_WHAT IS BEING ASKED_
Leave out the pictures, and retype the remaining data exactly.

(Data records)
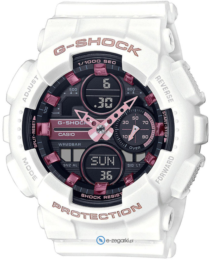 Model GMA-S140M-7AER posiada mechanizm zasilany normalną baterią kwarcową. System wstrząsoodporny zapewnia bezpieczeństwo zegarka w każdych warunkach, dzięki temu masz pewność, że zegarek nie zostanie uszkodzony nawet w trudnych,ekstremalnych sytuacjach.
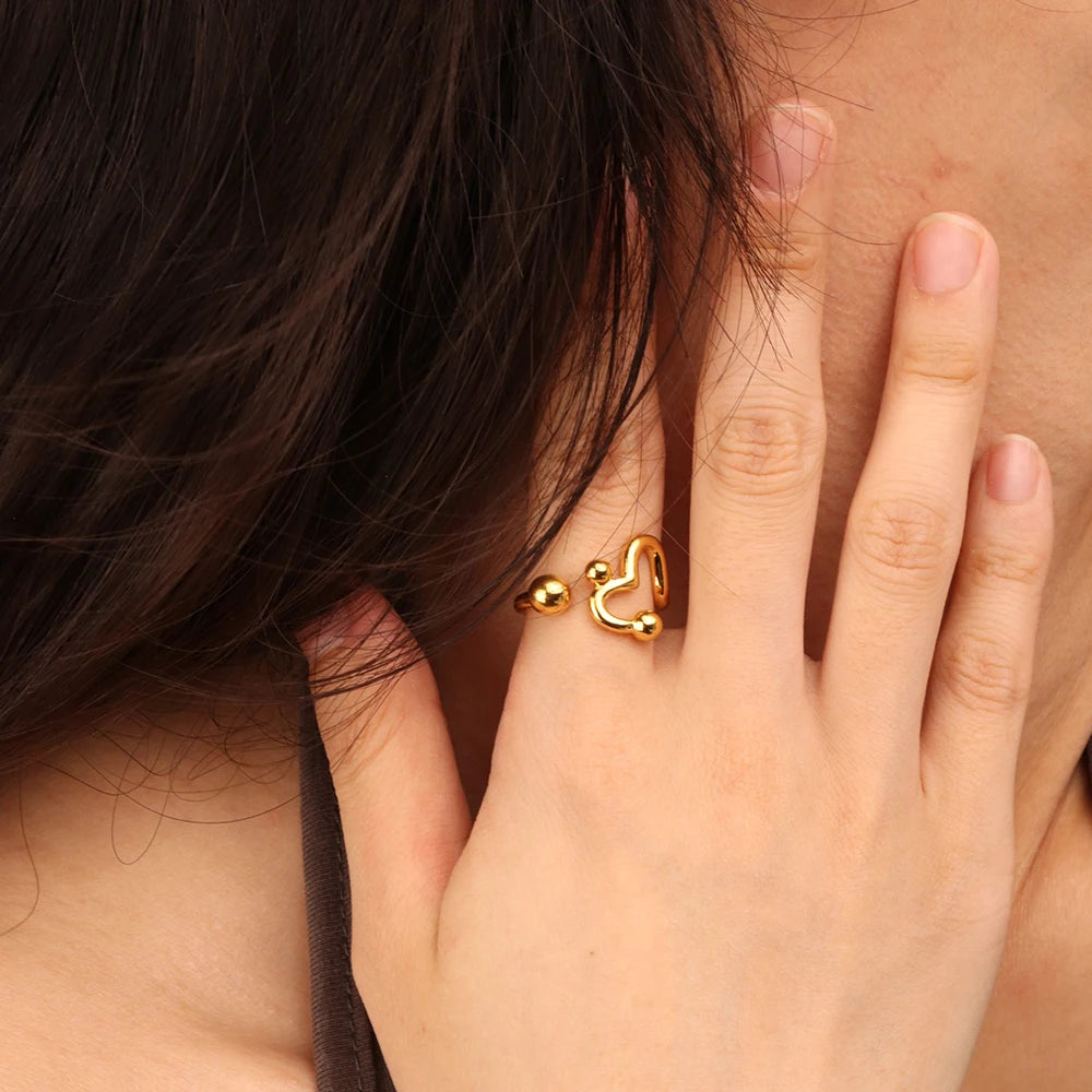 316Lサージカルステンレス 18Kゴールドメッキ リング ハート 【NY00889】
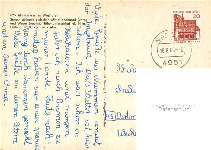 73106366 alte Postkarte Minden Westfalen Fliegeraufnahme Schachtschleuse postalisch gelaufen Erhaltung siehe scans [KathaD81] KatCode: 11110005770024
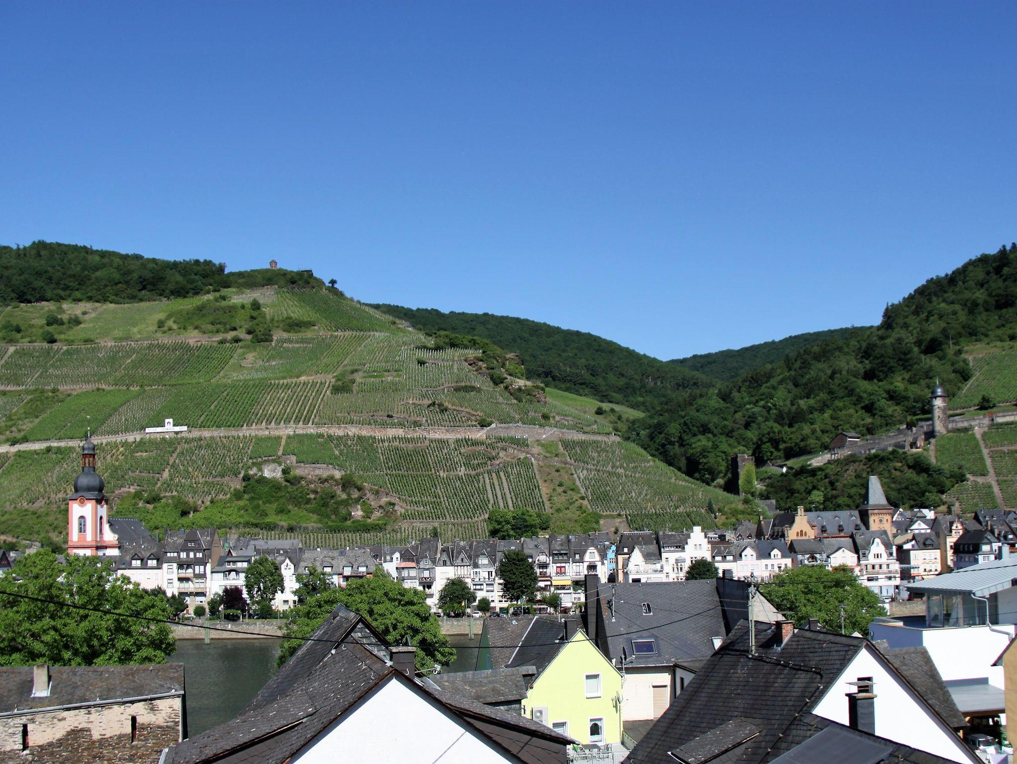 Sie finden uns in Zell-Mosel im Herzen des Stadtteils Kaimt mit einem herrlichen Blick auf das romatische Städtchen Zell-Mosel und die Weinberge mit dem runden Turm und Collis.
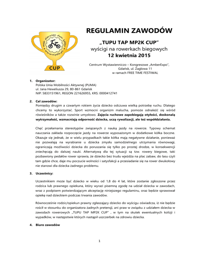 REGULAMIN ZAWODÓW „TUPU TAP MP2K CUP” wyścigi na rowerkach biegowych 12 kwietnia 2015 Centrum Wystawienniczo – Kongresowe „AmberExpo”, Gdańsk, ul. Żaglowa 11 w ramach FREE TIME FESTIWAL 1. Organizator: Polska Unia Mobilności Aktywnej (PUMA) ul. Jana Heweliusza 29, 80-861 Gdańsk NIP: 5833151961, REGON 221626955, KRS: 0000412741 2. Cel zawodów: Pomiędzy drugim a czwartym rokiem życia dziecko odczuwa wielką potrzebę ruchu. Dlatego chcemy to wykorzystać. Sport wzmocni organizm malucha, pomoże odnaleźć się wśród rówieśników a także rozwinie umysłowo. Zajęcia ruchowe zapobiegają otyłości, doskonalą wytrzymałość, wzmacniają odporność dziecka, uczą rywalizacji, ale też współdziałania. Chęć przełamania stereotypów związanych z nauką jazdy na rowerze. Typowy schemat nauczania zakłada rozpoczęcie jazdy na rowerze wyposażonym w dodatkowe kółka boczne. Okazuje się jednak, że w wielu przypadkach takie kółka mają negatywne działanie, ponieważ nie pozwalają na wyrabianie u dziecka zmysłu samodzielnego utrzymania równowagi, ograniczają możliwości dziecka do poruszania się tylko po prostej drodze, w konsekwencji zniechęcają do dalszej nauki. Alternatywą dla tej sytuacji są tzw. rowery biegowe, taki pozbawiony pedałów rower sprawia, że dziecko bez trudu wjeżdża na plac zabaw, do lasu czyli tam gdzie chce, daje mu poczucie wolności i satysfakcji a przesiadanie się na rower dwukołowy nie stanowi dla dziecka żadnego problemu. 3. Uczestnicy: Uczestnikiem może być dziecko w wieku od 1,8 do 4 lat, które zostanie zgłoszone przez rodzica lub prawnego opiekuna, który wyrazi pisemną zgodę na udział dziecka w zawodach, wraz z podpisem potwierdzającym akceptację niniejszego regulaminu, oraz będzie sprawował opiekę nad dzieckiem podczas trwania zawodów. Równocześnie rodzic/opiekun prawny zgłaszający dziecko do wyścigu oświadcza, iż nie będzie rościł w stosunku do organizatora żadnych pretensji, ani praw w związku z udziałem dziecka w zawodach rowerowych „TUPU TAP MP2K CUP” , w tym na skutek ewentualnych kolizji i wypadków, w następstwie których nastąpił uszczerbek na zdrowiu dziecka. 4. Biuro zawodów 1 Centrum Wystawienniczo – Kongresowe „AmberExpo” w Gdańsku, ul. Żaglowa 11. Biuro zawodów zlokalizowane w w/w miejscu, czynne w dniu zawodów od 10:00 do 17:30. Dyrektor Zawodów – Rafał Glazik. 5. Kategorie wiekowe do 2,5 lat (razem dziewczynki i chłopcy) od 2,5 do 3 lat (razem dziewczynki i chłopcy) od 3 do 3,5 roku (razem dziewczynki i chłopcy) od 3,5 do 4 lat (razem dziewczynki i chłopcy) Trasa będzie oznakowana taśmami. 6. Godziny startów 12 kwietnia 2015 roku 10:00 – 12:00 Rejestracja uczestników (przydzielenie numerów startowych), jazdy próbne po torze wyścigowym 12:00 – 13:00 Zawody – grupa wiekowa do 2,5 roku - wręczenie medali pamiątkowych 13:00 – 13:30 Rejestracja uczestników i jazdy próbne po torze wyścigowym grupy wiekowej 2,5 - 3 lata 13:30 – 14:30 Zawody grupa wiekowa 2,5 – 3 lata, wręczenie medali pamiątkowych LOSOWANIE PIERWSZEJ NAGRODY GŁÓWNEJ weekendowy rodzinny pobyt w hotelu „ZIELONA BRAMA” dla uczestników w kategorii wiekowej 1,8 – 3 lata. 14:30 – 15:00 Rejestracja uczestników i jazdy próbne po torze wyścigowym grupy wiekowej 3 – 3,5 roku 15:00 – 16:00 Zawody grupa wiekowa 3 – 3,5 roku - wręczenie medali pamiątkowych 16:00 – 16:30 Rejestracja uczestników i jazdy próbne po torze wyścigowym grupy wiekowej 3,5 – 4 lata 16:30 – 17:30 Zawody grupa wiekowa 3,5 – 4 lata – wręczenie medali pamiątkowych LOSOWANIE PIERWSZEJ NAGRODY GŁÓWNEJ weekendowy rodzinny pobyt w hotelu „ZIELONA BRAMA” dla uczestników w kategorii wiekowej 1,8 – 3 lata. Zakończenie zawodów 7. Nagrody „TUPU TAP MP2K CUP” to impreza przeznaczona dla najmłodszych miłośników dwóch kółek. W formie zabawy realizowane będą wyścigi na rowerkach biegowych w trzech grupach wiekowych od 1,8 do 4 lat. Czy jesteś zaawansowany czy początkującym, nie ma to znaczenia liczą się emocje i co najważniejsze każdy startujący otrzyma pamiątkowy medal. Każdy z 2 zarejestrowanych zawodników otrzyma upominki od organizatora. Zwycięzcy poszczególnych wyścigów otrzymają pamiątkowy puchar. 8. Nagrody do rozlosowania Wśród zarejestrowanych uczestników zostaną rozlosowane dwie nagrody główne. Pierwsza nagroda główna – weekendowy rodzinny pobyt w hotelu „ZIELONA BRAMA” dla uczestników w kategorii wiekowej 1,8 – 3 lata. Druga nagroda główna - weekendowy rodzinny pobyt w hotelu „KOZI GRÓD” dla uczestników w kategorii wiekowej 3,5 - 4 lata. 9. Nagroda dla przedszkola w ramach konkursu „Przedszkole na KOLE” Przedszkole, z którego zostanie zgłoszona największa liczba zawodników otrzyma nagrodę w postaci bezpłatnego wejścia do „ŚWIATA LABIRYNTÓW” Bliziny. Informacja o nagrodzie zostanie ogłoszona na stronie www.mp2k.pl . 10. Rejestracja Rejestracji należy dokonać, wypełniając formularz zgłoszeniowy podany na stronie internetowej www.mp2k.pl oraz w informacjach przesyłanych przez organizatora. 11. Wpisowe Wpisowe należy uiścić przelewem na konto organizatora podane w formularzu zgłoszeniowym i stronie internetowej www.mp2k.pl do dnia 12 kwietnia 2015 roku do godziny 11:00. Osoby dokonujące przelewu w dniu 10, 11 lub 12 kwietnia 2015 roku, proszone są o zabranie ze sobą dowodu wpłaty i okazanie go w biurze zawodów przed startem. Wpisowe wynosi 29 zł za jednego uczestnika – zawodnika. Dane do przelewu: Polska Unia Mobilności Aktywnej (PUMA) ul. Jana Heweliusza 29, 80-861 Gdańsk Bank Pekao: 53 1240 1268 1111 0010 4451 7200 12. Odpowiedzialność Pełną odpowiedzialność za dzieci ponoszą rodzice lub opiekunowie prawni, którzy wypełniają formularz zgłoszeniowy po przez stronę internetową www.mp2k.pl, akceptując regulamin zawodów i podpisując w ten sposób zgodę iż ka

_TASK SOLUTION_
 Model GMA-S140M-7AER posiada mechanizm zasilany normalną baterią kwarcową. System wstrząsoodporny zapewnia bezpieczeństwo zegarka w każdych warunkach, dzięki temu masz pewność, że zegarek nie zostanie uszkodzony nawet w trudnych,ekstremalnych sytuacjach.
 316Lサージカルステンレス 18Kゴールドメッキ リング ハート 【NY00889】
 73106366 alte Postkarte Minden Westfalen Fliegeraufnahme Schachtschleuse postalisch gelaufen Erhaltung siehe scans [KathaD81] KatCode: 11110005770024
 Sie finden uns in Zell-Mosel im Herzen des Stadtteils Kaimt mit einem herrlichen Blick auf das romatische Städtchen Zell-Mosel und die Weinberge mit dem runden Turm und Collis.
 REGULAMIN ZAWODÓW „TUPU TAP MP2K CUP” wyścigi na rowerkach biegowych 12 kwietnia 2015 Centrum Wystawienniczo – Kongresowe „AmberExpo”, Gdańsk, ul. Żaglowa 11 w ramach FREE TIME FESTIWAL 1. Organizator: Polska Unia Mobilności Aktywnej (PUMA) ul. Jana Heweliusza 29, 80-861 Gdańsk NIP: 5833151961, REGON 221626955, KRS: 0000412741 2. Cel zawodów: Pomiędzy drugim a czwartym rokiem życia dziecko odczuwa wielką potrzebę ruchu. Dlatego chcemy to wykorzystać. Sport wzmocni organizm malucha, pomoże odnaleźć się wśród rówieśników a także rozwinie umysłowo. Zajęcia ruchowe zapobiegają otyłości, doskonalą wytrzymałość, wzmacniają odporność dziecka, uczą rywalizacji, ale też współdziałania. Chęć przełamania stereotypów związanych z nauką jazdy na rowerze. Typowy schemat nauczania zakłada rozpoczęcie jazdy na rowerze wyposażonym w dodatkowe kółka boczne. Okazuje się jednak, że w wielu przypadkach takie kółka mają negatywne działanie, ponieważ nie pozwalają na wyrabianie u dziecka zmysłu samodzielnego utrzymania równowagi, ograniczają możliwości dziecka do poruszania się tylko po prostej drodze, w konsekwencji zniechęcają do dalszej nauki. Alternatywą dla tej sytuacji są tzw. rowery biegowe, taki pozbawiony pedałów rower sprawia, że dziecko bez trudu wjeżdża na plac zabaw, do lasu czyli tam gdzie chce, daje mu poczucie wolności i satysfakcji a przesiadanie się na rower dwukołowy nie stanowi dla dziecka żadnego problemu. 3. Uczestnicy: Uczestnikiem może być dziecko w wieku od 1,8 do 4 lat, które zostanie zgłoszone przez rodzica lub prawnego opiekuna, który wyrazi pisemną zgodę na udział dziecka w zawodach, wraz z podpisem potwierdzającym akceptację niniejszego regulaminu, oraz będzie sprawował opiekę nad dzieckiem podczas trwania zawodów. Równocześnie rodzic/opiekun prawny zgłaszający dziecko do wyścigu oświadcza, iż nie będzie rościł w stosunku do organizatora żadnych pretensji, ani praw w związku z udziałem dziecka w zawodach rowerowych „TUPU TAP MP2K CUP” , w tym na skutek ewentualnych kolizji i wypadków, w następstwie których nastąpił uszczerbek na zdrowiu dziecka. 4. Biuro zawodów 1 Centrum Wystawienniczo – Kongresowe „AmberExpo” w Gdańsku, ul. Żaglowa 11. Biuro zawodów zlokalizowane w w/w miejscu, czynne w dniu zawodów od 10:00 do 17:30. Dyrektor Zawodów – Rafał Glazik. 5. Kategorie wiekowe do 2,5 lat (razem dziewczynki i chłopcy) od 2,5 do 3 lat (razem dziewczynki i chłopcy) od 3 do 3,5 roku (razem dziewczynki i chłopcy) od 3,5 do 4 lat (razem dziewczynki i chłopcy) Trasa będzie oznakowana taśmami. 6. Godziny startów 12 kwietnia 2015 roku 10:00 – 12:00 Rejestracja uczestników (przydzielenie numerów startowych), jazdy próbne po torze wyścigowym 12:00 – 13:00 Zawody – grupa wiekowa do 2,5 roku - wręczenie medali pamiątkowych 13:00 – 13:30 Rejestracja uczestników i jazdy próbne po torze wyścigowym grupy wiekowej 2,5 - 3 lata 13:30 – 14:30 Zawody grupa wiekowa 2,5 – 3 lata, wręczenie medali pamiątkowych LOSOWANIE PIERWSZEJ NAGRODY GŁÓWNEJ weekendowy rodzinny pobyt w hotelu „ZIELONA BRAMA” dla uczestników w kategorii wiekowej 1,8 – 3 lata. 14:30 – 15:00 Rejestracja uczestników i jazdy próbne po torze wyścigowym grupy wiekowej 3 – 3,5 roku 15:00 – 16:00 Zawody grupa wiekowa 3 – 3,5 roku - wręczenie medali pamiątkowych 16:00 – 16:30 Rejestracja uczestników i jazdy próbne po torze wyścigowym grupy wiekowej 3,5 – 4 lata 16:30 – 17:30 Zawody grupa wiekowa 3,5 – 4 lata – wręczenie medali pamiątkowych LOSOWANIE PIERWSZEJ NAGRODY GŁÓWNEJ weekendowy rodzinny pobyt w hotelu „ZIELONA BRAMA” dla uczestników w kategorii wiekowej 1,8 – 3 lata. Zakończenie zawodów 7. Nagrody „TUPU TAP MP2K CUP” to impreza przeznaczona dla najmłodszych miłośników dwóch kółek. W formie zabawy realizowane będą wyścigi na rowerkach biegowych w trzech grupach wiekowych od 1,8 do 4 lat. Czy jesteś zaawansowany czy początkującym, nie ma to znaczenia liczą się emocje i co najważniejsze każdy startujący otrzyma pamiątkowy medal. Każdy z 2 zarejestrowanych zawodników otrzyma upominki od organizatora. Zwycięzcy poszczególnych wyścigów otrzymają pamiątkowy puchar. 8. Nagrody do rozlosowania Wśród zarejestrowanych uczestników zostaną rozlosowane dwie nagrody główne. Pierwsza nagroda główna – weekendowy rodzinny pobyt w hotelu „ZIELONA BRAMA” dla uczestników w kategorii wiekowej 1,8 – 3 lata. Druga nagroda główna - weekendowy rodzinny pobyt w hotelu „KOZI GRÓD” dla uczestników w kategorii wiekowej 3,5 - 4 lata. 9. Nagroda dla przedszkola w ramach konkursu „Przedszkole na KOLE” Przedszkole, z którego zostanie zgłoszona największa liczba zawodników otrzyma nagrodę w postaci bezpłatnego wejścia do „ŚWIATA LABIRYNTÓW” Bliziny. Informacja o nagrodzie zostanie ogłoszona na stronie www.mp2k.pl . 10. Rejestracja Rejestracji należy dokonać, wypełniając formularz zgłoszeniowy podany na stronie internetowej www.mp2k.pl oraz w informacjach przesyłanych przez organizatora. 11. Wpisowe Wpisowe należy uiścić przelewem na konto organizatora podane w formularzu zgłoszeniowym i stronie internetowej www.mp2k.pl do dnia 12 kwietnia 2015 roku do godziny 11:00. Osoby dokonujące przelewu w dniu 10, 11 lub 12 kwietnia 2015 roku, proszone są o zabranie ze sobą dowodu wpłaty i okazanie go w biurze zawodów przed startem. Wpisowe wynosi 29 zł za jednego uczestnika – zawodnika. Dane do przelewu: Polska Unia Mobilności Aktywnej (PUMA) ul. Jana Heweliusza 29, 80-861 Gdańsk Bank Pekao: 53 1240 1268 1111 0010 4451 7200 12. Odpowiedzialność Pełną odpowiedzialność za dzieci ponoszą rodzice lub opiekunowie prawni, którzy wypełniają formularz zgłoszeniowy po przez stronę internetową www.mp2k.pl, akceptując regulamin zawodów i podpisując w ten sposób zgodę iż ka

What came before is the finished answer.